→ DIRECTIONS FOR THIS TASK:
Give the data again exactly, without images.

→ GIVEN MATERIAL:
#####

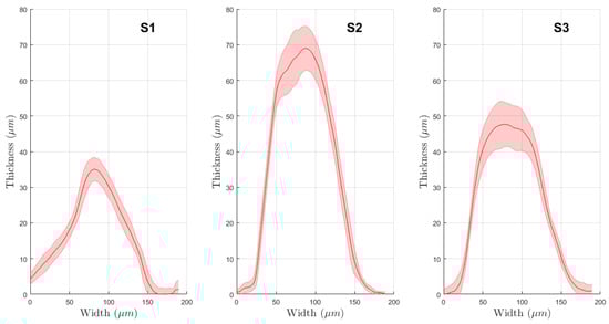 Microstructuration profile obtained for test microstructuration on bare alumina. The solid line depicts the average thickness of the peak while the shaded area represents the standard deviation. That statistical information was obtained from 60 sample peaks.
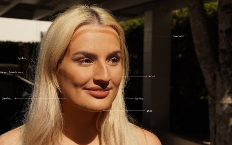 1. Use your shade of jane iredale Glow Time Bronzer Stick (shade pictured is ‘Scorch’) to map out any areas you would like to chisel. Pick from this list (pictured below) the ones your heart desires: forehead, chin, cheeks, nose, lips and jawline. Switch it up by alternating which features you choose to contour depending on how you feel and the vibe you’re going for.
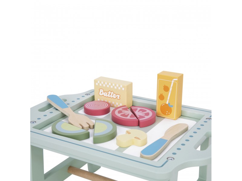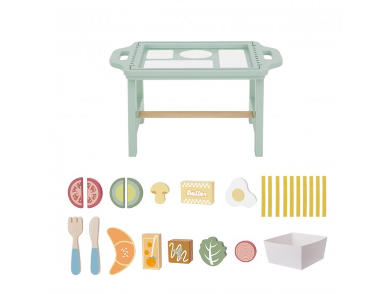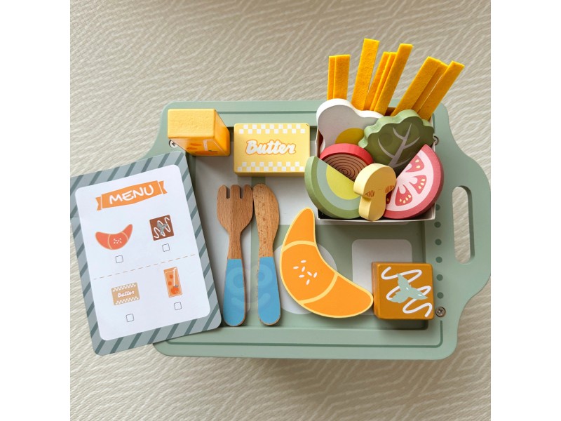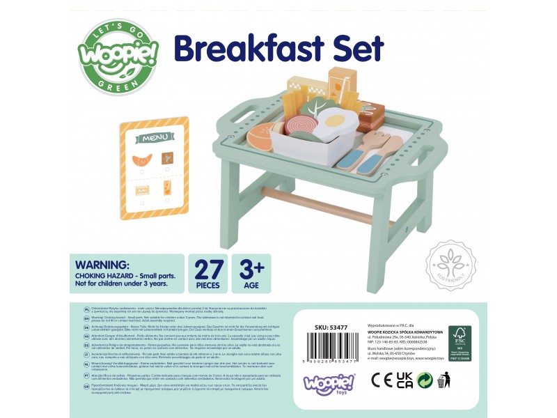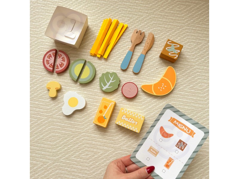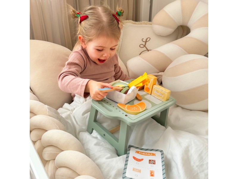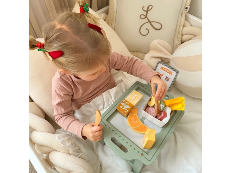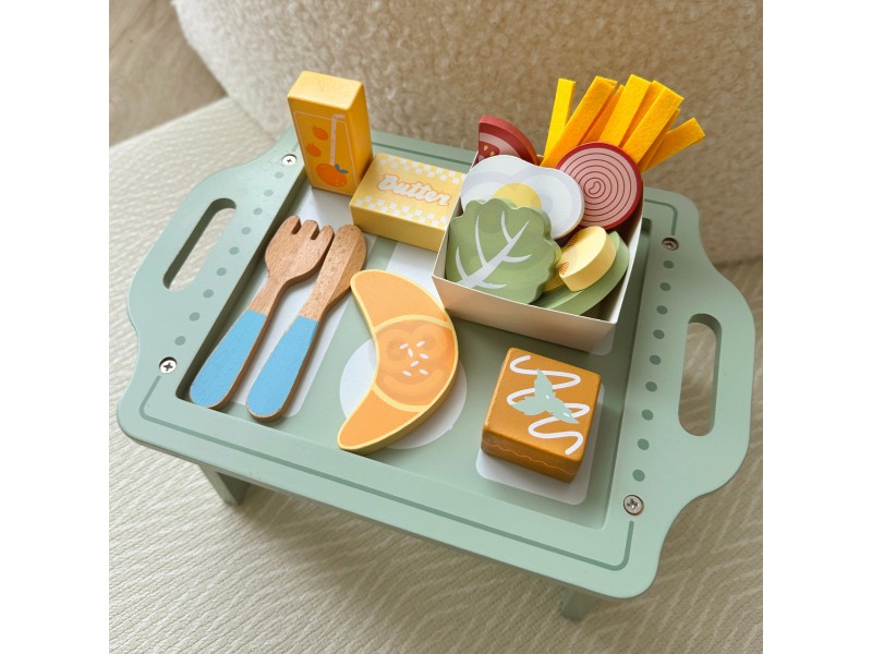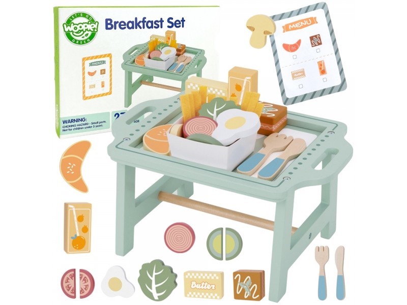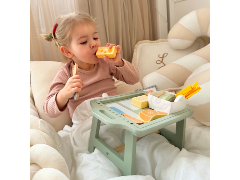 „Woopie Green“ pusryčių rinkinys – tai svajonių pusryčiai, patiekti tiesiai į lovą! Paverskite įprastą žaidimą kulinariniu nuotykiu, kupinu skonio ir stiliaus. Šis pastelinis pusryčių rinkinys yra tikras hitas mažiesiems virtuvės šefams, kurie mėgsta žaisti maisto gaminimą ir vaišinimą nuo ryto iki vakaro. Žavus pastelinis padėklas ir tikroviškai pagaminti mediniai elementai užtikrina, kad žaidimas taptų ypač įtraukiantis ir įkvepiantis.

#####

→ WRITTEN ANSWER:
 Microstructuration profile obtained for test microstructuration on bare alumina. The solid line depicts the average thickness of the peak while the shaded area represents the standard deviation. That statistical information was obtained from 60 sample peaks.
 1. Use your shade of jane iredale Glow Time Bronzer Stick (shade pictured is ‘Scorch’) to map out any areas you would like to chisel. Pick from this list (pictured below) the ones your heart desires: forehead, chin, cheeks, nose, lips and jawline. Switch it up by alternating which features you choose to contour depending on how you feel and the vibe you’re going for.
 „Woopie Green“ pusryčių rinkinys – tai svajonių pusryčiai, patiekti tiesiai į lovą! Paverskite įprastą žaidimą kulinariniu nuotykiu, kupinu skonio ir stiliaus. Šis pastelinis pusryčių rinkinys yra tikras hitas mažiesiems virtuvės šefams, kurie mėgsta žaisti maisto gaminimą ir vaišinimą nuo ryto iki vakaro. Žavus pastelinis padėklas ir tikroviškai pagaminti mediniai elementai užtikrina, kad žaidimas taptų ypač įtraukiantis ir įkvepiantis.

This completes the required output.